How many mL of 0.40M NaOH are need to neutralize 30.0 mL of 0.50 M H2SO4
according to the following reaction.
2NaOH(aq) + H2SO4 (aq)----Na2SO4 (aq) + 2H2O(l)
mols H2SO4 = M x L = ?
mols NaOH = twice that (from the coefficients)
M NaOH = mols NaOH/L NaOH. You know M and mols; solve for L and convert to mL. Click post answer
0.0048 ml
To find out how many mL of 0.40 M NaOH are needed to neutralize 30.0 mL of 0.50 M H2SO4, we can use the concept of stoichiometry which relates the number of moles of two substances in a chemical reaction.

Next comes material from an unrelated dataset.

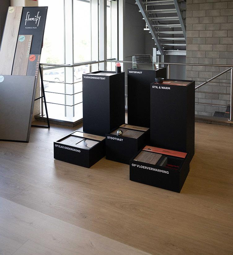 Bekijk de verschillende Floorify-vloeren in het groot en ervaar de unieke texturen en kleuren met eigen ogen. Zo kan je je perfect een beeld vormen van hoe de vloer er in jouw woning zal uitzien.

First, let's calculate the number of moles of H2SO4 present in 30.0 mL of 0.50 M H2SO4. We can use the formula:
moles = concentration × volume
moles of H2SO4 = 0.50 M × 0.0300 L
moles of H2SO4 = 0.015 moles
According to the balanced equation, the stoichiometric ratio of NaOH to H2SO4 is 2:1. So, for every 2 moles of NaOH, we need 1 mole of H2SO4.
Therefore, we need half the number of moles of NaOH compared to the number of moles of H2SO4, as they are in a 1:2 ratio (according to the balanced equation).
moles of NaOH = 0.015 moles / 2
moles of NaOH = 0.0075 moles
Finally, we can use the formula for concentration to calculate the volume of 0.40 M NaOH required:
volume = moles / concentration
volume = 0.0075 moles / 0.40 M
volume = 0.01875 L
To convert this volume into mL, we can multiply by 1000:
volume = 0.01875 L × 1000
volume = 18.75 mL
Therefore, 18.75 mL of 0.40 M NaOH is needed to neutralize 30.0 mL of 0.50 M H2SO4.